I tried talking her out of the claw games (Those never win!).  I tried talking her out of the games where you shoot coins to try to make them fall into slots that are then pushed into a bigger pile of coins (You know which one I mean).  I tried to move her into games that allowed you to play a little more, like Deal or No Deal or Monopoly.  To no avail.  We used optics strategy to get the stuffed dolphin out of the big claw game, and decided which watch to go for in the little claw game.  And I helped her by shooting coins simultaneously with her in that push the coins game.  We even played the jumping rope game which never turns out well for anyone.

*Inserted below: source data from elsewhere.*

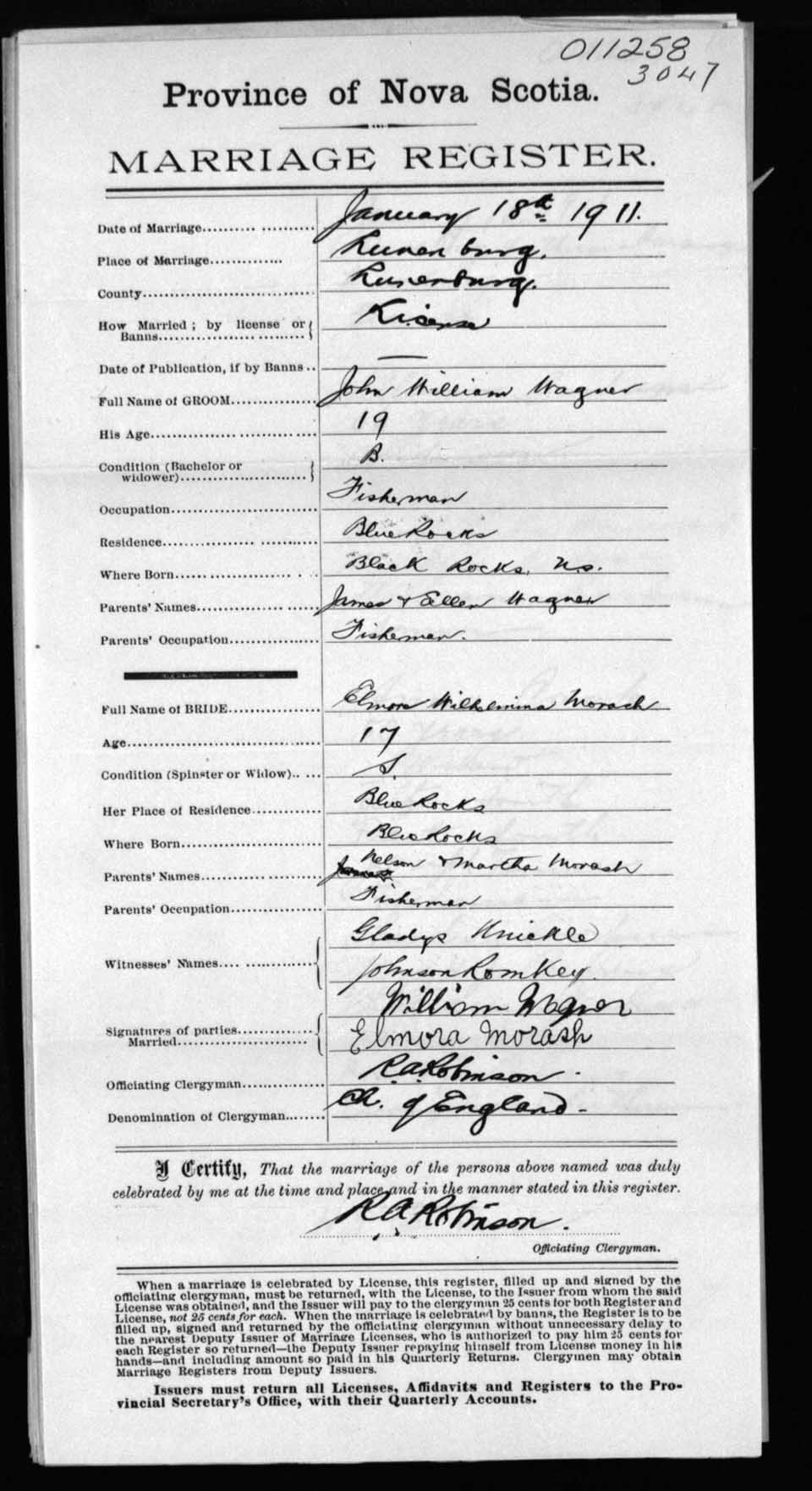 Registration: Year: 1911 number: 11258
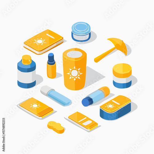 Isometric Flat icon set of Sun Protection Essentials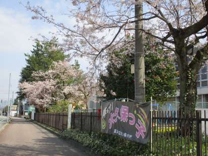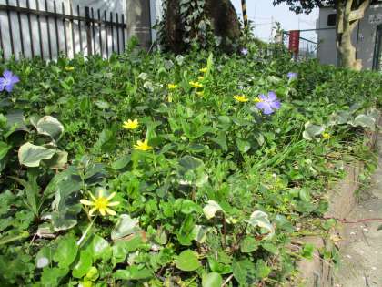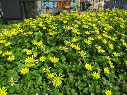 あたたかな日ざしの下、花がいっぱい咲いています。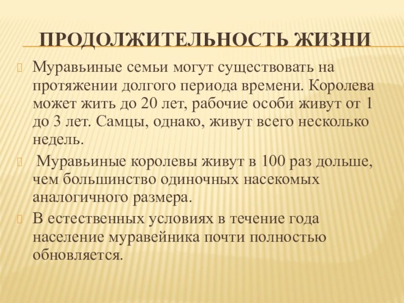 Муравьиные семьи могут существовать на протяжении долгого периода времени. Королева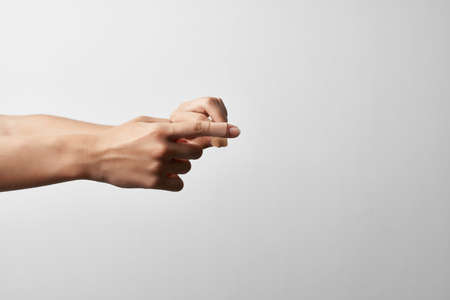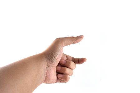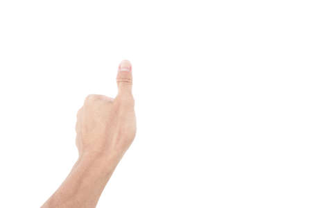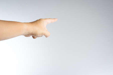 Close-up of male hand showing direction with finger on white background.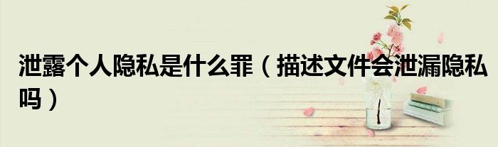 导读 大家好,小跳为你解答以上问题。泄露个人隐私是什么罪,描述文件会泄漏隐私吗这个问题很多人还不知道,现在让我们一起来看看吧!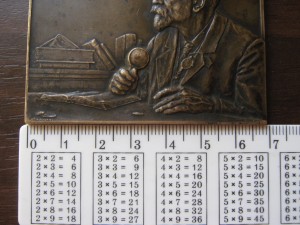 В память 30-летия его научно-литературной нумизматической деятельности (1883–1913 гг.). С.-Петербург, 1915 г. Мастерская (ателье) А.Ф.Жакара. Медальер Георгий (Егор) Иванович Малышев (лиц. ст. – внизу слева: Е.И.Малышевъ; об. ст. – под изображением оборотной стороны монеты: А•Жакаръ). Бронза, 117,11 г. Размеры 50,9x69,0 мм. Сохранность отличная. Клеймо на гурте вверху слева: «S». Луппол А.Н. Плакета в честь А.В.Орешникова // Нумизматический сборник. Ч.1 / Труды ГИМ. Ч.1. Вып.XXV. М.,1955. С.24–33. Табл. I–VI. Щукина 2000. С.228. Дьяков# 1558.1 (R3). Очень редкая.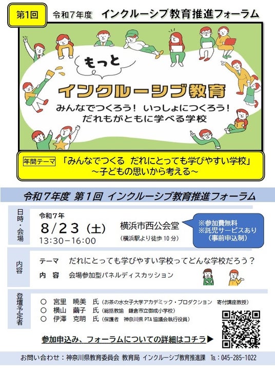 第1回インクルーシブ教育推進フォーラムを8月23日(土曜日)横浜市西公会堂で開催します。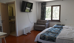 Кухня в номере: мультиварка, микроволновка, плита, холодильник, чайник, посуда. Санузел в номере: современная душевая система, гигиенический душ. Уютный двор с обеденной зоной.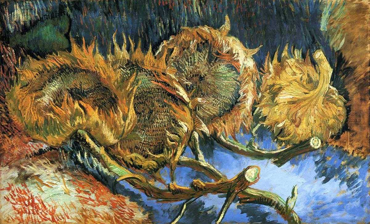 Ван Гог написал две серии «подсолнухов» в Арле, Франция: четыре между августом и сентябрем 1888 года и один в январе 1889 года; версии и копии обсуждаются среди искусствоведов. Картины маслом на холсте, изображающие увядающие желтые подсолнухи в вазе, теперь выставлены в музеях Лондона, Амстердама, Токио, Мюнхена и Филадельфии.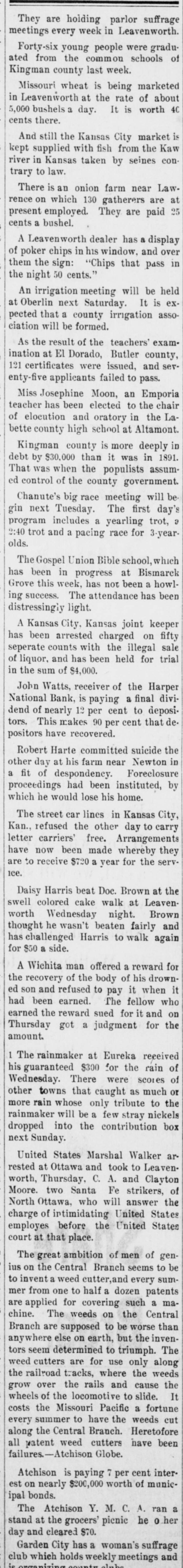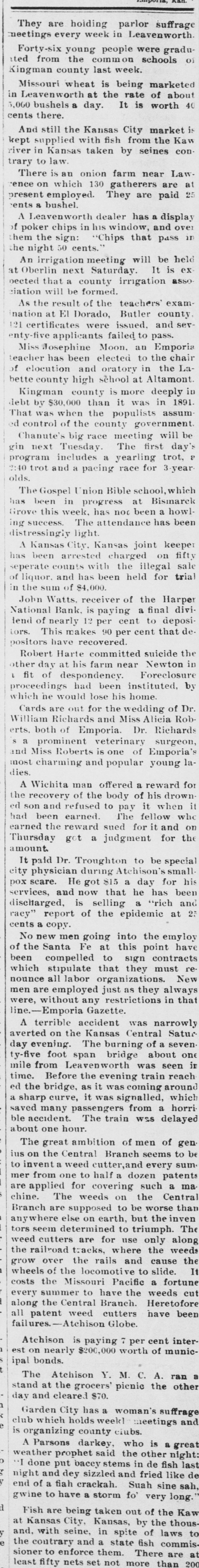 They are hoiding parlor suffrage meetings every week in Leavenworth. Forty-six young people were graduated from the common schools 01 Kingman county last week. Missouri wheat is being marketed in Leavenworth at the rate of about 5,060 bushels a day. It is worth 40 cents there. And still the Kansas City market is kept supplied with fish from the Kaw river in Kansas taken by seines contrary to law. There is an onion farm near Lawrence on which 130 gatherers are at present employed. They are paid 25 cents a bushel. A Leavenworth dealer has a display of poker chips in his window, and over them the sign: "Chips that pass in the night 50 cents." An irrigation meeting will be held at Oberlin next Saturday. It is expected that a county irrigation association will be formed. As the result of the teachers' examination at El Dorado, Butler county, 121 certificates were issued, and seventy-five applicants failed to pass. Miss Josephine Moon, an Emporia teacher has been elected to the chair of elocution and oratory in the Labette county high school at Altamont. Kingman county is more deeply in debt by $30,000 than it was in 1891. That was when the populists assumed control of the county government. Chanute's big race meeting will begin next Tuesday. The first day's program includes a yearling trot, 2:40 trot and a pacing race for 3-year-olds. The Gospel Union Bible school, which has been in progress at Bismarck Grove this week, has not been a howling success. The attendance has been distressingly light. A Kansas City, Kansas joint keeper has been arrested charged on fifty seperate counts with the illegal sale of liquor, and has been held for trial in the sum of $4,000. John Watts, receiver of the Harper National Bank, is paying a final dividend of nearly 12 per cent to depositors. This makes 90 per cent that depositors have recovered. Robert Harte committed suicide the other day at his farm near Newton in a fit of despondency. Foreclosure proceedings had been instituted, by which he would lose his home. Cards are out for the wedding of Dr. William Richards and Miss Alicia Roberts, both of Emporia. Dr. Richards s a prominent veterinary surgeon, and Miss Roberts is one of Emporia's most charming and popular young ladies. A Wichita man offered a reward for the recovery of the body of his drowned son and refused to pay it when it had been earned. The fellow whe earned the reward sued for it and on Thursday got a judgment for the amount. It paid Dr. Troughton to be special city physician during Atchison's smallpox scare. He got $15 a day for his services, and now that he has been discharged, is selling a "rich and racy" report of the epidemic at 25 cents a copy. No new men going into the emyloy of the Santa Fe at this point have been compelled to sign contracts which stipulate that they must renounce all labor organizations. New men are employed just as they always were, without any restrictions in that line.—Emporia Gazette. A terrible accident was narrowly averted on the Kansas Central Saturday evening. The burning of a seventy-five foot span bridge about one mile from Leavenworth was seen ir time. Before the evening train reached the bridge, as it was coming around a sharp curve, it was signalled, which saved many passengers from a horrible accident. The train was delayed about one hour. The great ambition of men of genius on the Central Branch seems to be to invent a weed cutter, and every summer from one to half a dozen patents are applied for covering such a machine. The weeds on the Central Branch are supposed to be worse than anywhere else on earth, but the inventors seem determined to triumph. The weed cutters are for use only along the railroad tracks, where the weeds grow over the rails and cause the wheels of the locomotive to slide. It costs the Missouri Pacific a fortune every summer to have the weeds cut along the Central Branch. Heretofore all patent weed cutters have been failures.—Atchison Globe. Atchison is paying 7 per cent interest on nearly $200,000 worth of municipal bonds. The Atchison Y. M. C. A. ran a stand at the grocers' picnic the other day and cleared $70. Garden City has a woman's suffrage club which holds weekl meetings and is organizing county clubs. A Parsons darkey, who is a great weather prophet said the other night: "I done put baccy stems in de fish last night and dey sizzled and fried like de end of a fiah crackah. Suah sine sah, gwine to have a storm fo' very long." Fish are being taken out of the Kaw at Kansas City, Kansas, by the thousand, with seine, in spite of laws to the contrary and a state fish commissioner to enforce them. There are at least fifty nets set not more than 200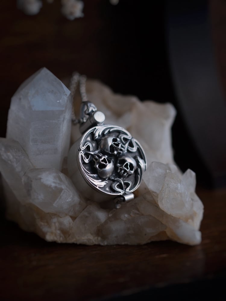 Triple skull ornate keepsake / pill box locket necklace. Handmade in solid .925 sterling silver + jasseron chain, length of choice. This keepsake / pill box locket can hold pills or other small treasures inside, safely locked away. I can also add a personalized laser engraving on the backside (see last photo for an example), this needs to be discussed beforehand, a small added fee will apply.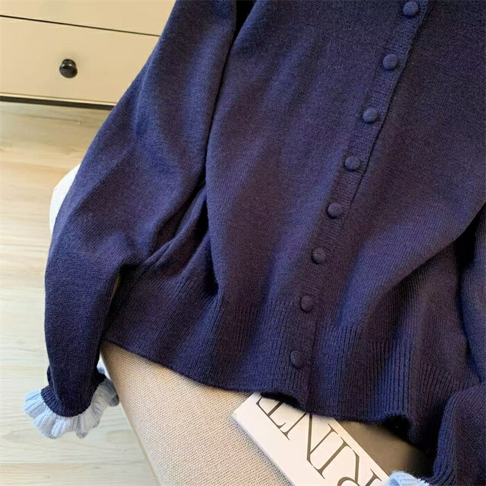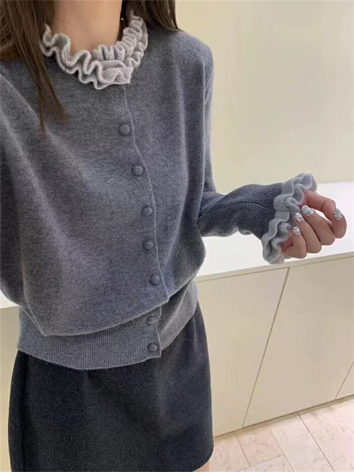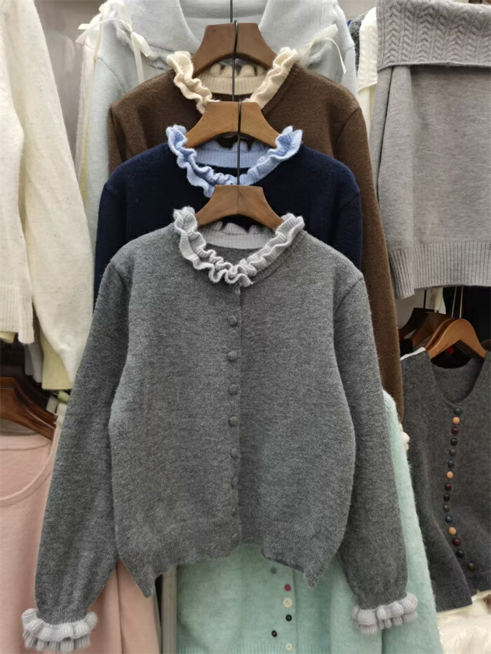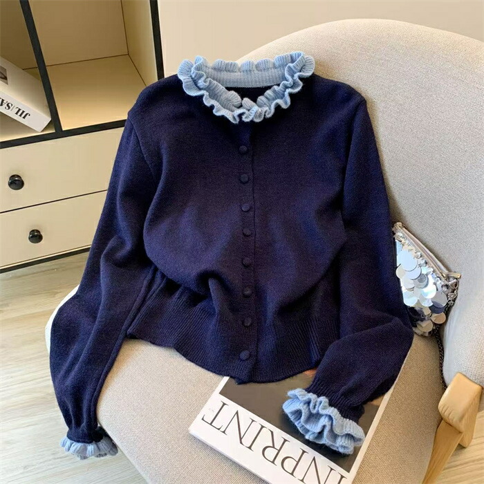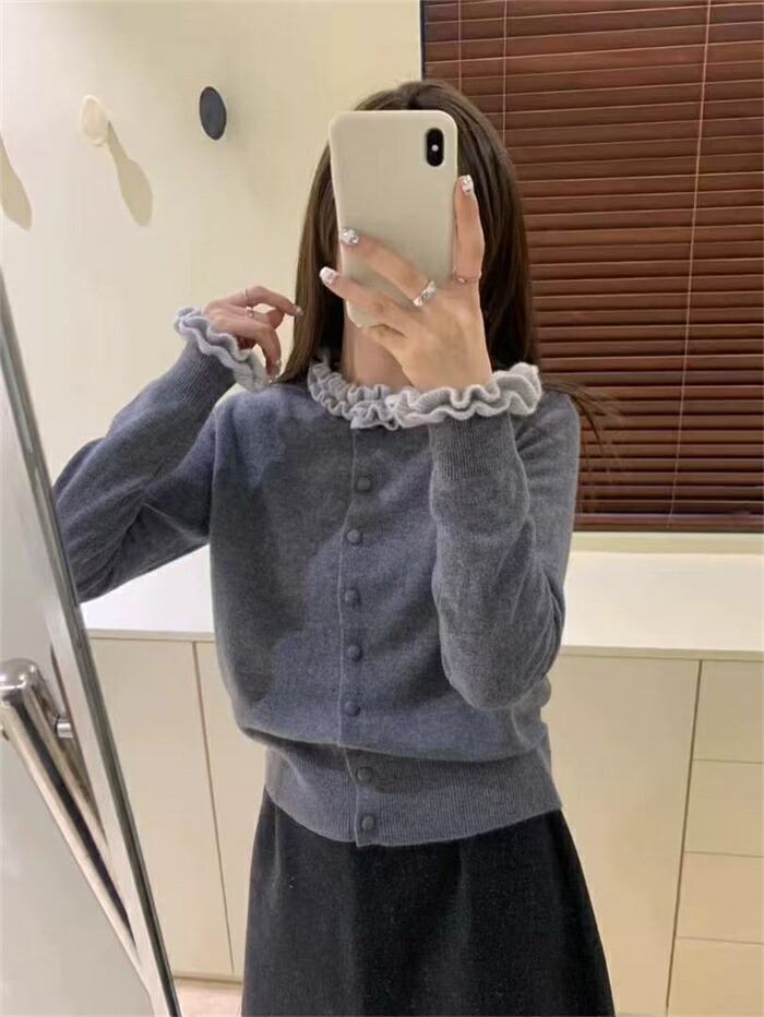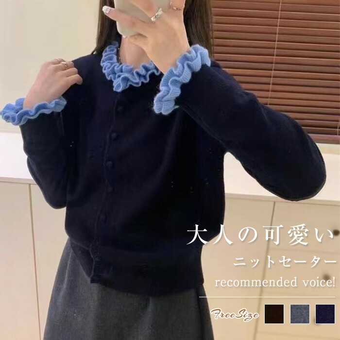 ニット カーディガン フリル襟 セータ トップス カーディガン ボレロ 新作 グレー コーヒー色 紺色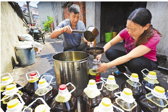 分装刚刚加工出来的菜油。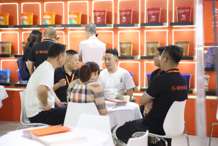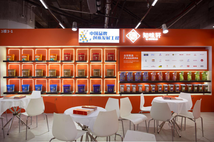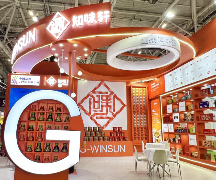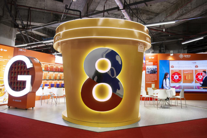 此外,在深圳國際會展中心主會場展位上,知味軒采用的是小罐拼成的logo墻以及代表品牌的“G”字異型陳列柜。兩大會場充分展現(xiàn)了“大桶+小罐”的設計元素,讓前來參展的經(jīng)銷商與消費者可以充分理解產(chǎn)品概念,為其打造了沉浸式逛展體驗。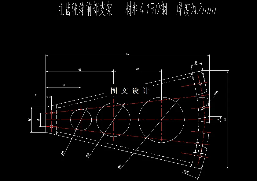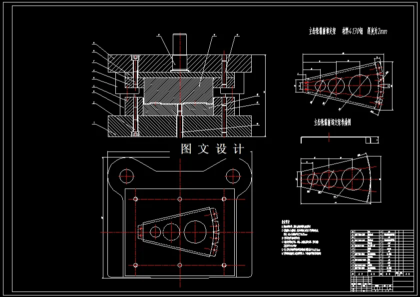 主齿轮箱前部支架弯曲模具设计 本次设计的工序是弯曲冲压工序的模具设计,完成工件的最终弯曲。含7张CAD图纸。autoCAD2007版本格式。该零件结构较相对简单、形状对称,属于中等冲裁件。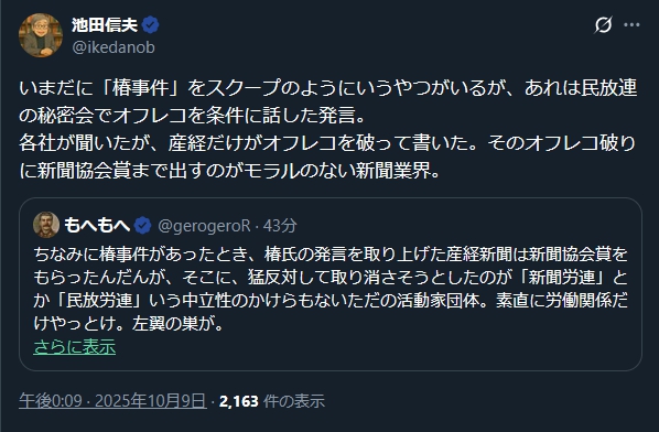 | … | 37無題Name名無し 25/10/05(日)21:29:03 IP:125.193.*(mesh.ad.jp)No.2665343そうだねx36そんなんだからマスコミは衰退したのさ |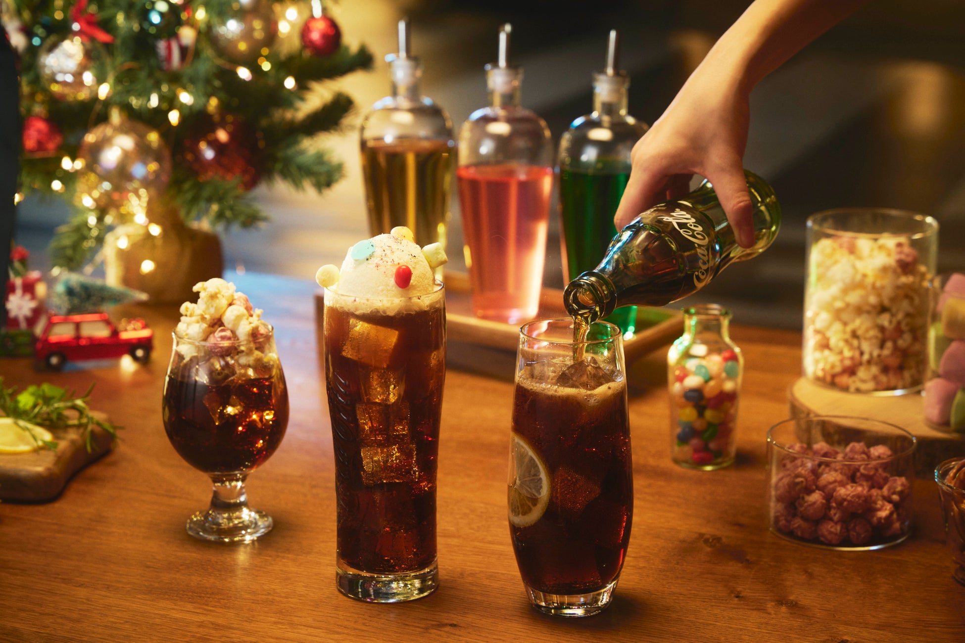 「HOLIDAY COLA BAR」には「コカ・コーラ」瓶1本とシロップ・トッピングが含まれます。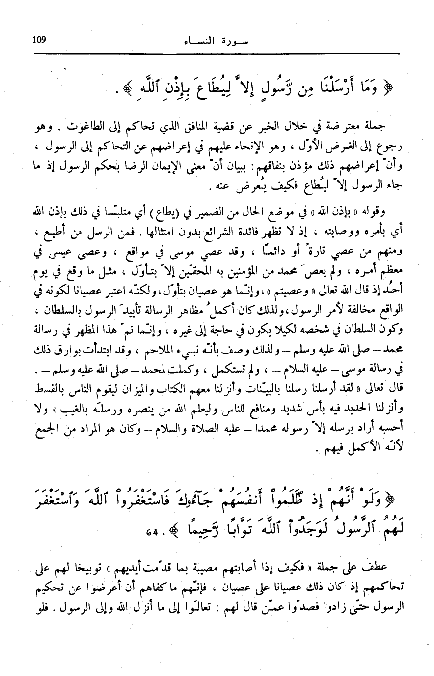 وَما أَرْسَلْنا مِنْ رَسُولٍ إِلاَّ لِيُطاعَ بِإِذْنِ اللَّهِ وَلَوْ أَنَّهُمْ إِذْ ظَلَمُوا أَنْفُسَهُمْ جاؤُكَ فَاسْتَغْفَرُوا اللَّهَ وَاسْتَغْفَرَ لَهُمُ الرَّسُولُ لَوَجَدُوا اللَّهَ تَوَّاباً رَحِيماً (64)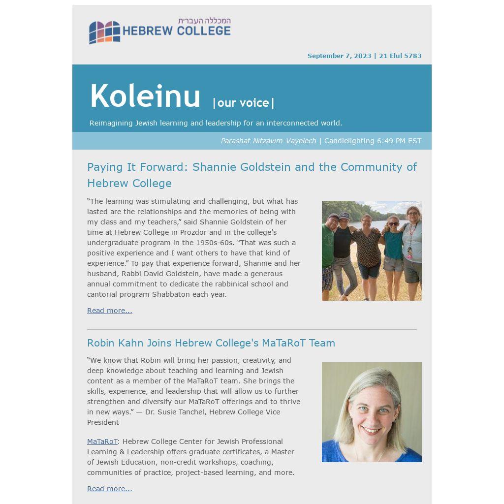 Paying It Forward: Shannie Goldstein and the Community of Hebrew College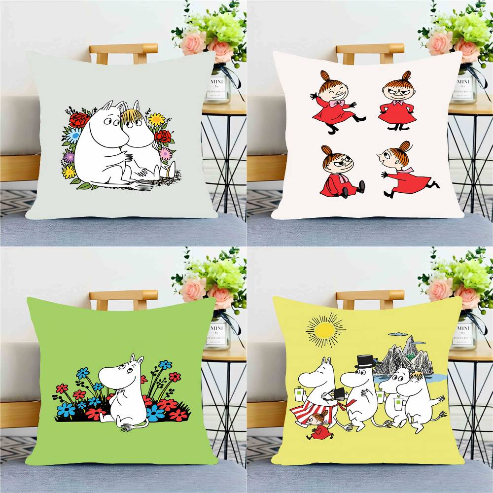 1 szt. Urocza Kreskówka N-MoominS Poszewka na Poduszkę Kwadratowa Sypialnia Sofa Relaks Komfort Poduszka Samochód Dom Dekoracja

The one prize I will not throw out in two weeks
She showed me her basketball prowess on  a couple of games.  I even swished a couple of long range shots (after the timer was done...do you think she would let me shoot when it counted?  I also faked her out by showing her her report card and said that she only got 3 As; she owed me 20 bucks.  That went over like a lead balloon...

After all that, we ended up with 2500 tickets.  Too bad.  More crap galore.  Maybe some cheesy stuffed animals and some terrible candy was awaiting us since we did not win enough tickets to win any electronics.  Maybe some water bottles or some mini basketball hoops to go with the countless other ones that I've hidden from everyone.  I even tried to talk her into saving the tickets for the net time we came so she could get something really nice.  In retrospect, it is funny to think I could get out of the 30 minute shopping spree in a room the size of our kitchen.  This is her favorite part!  And I was not going to be able to cajole her out of that room any faster than she was ready to go.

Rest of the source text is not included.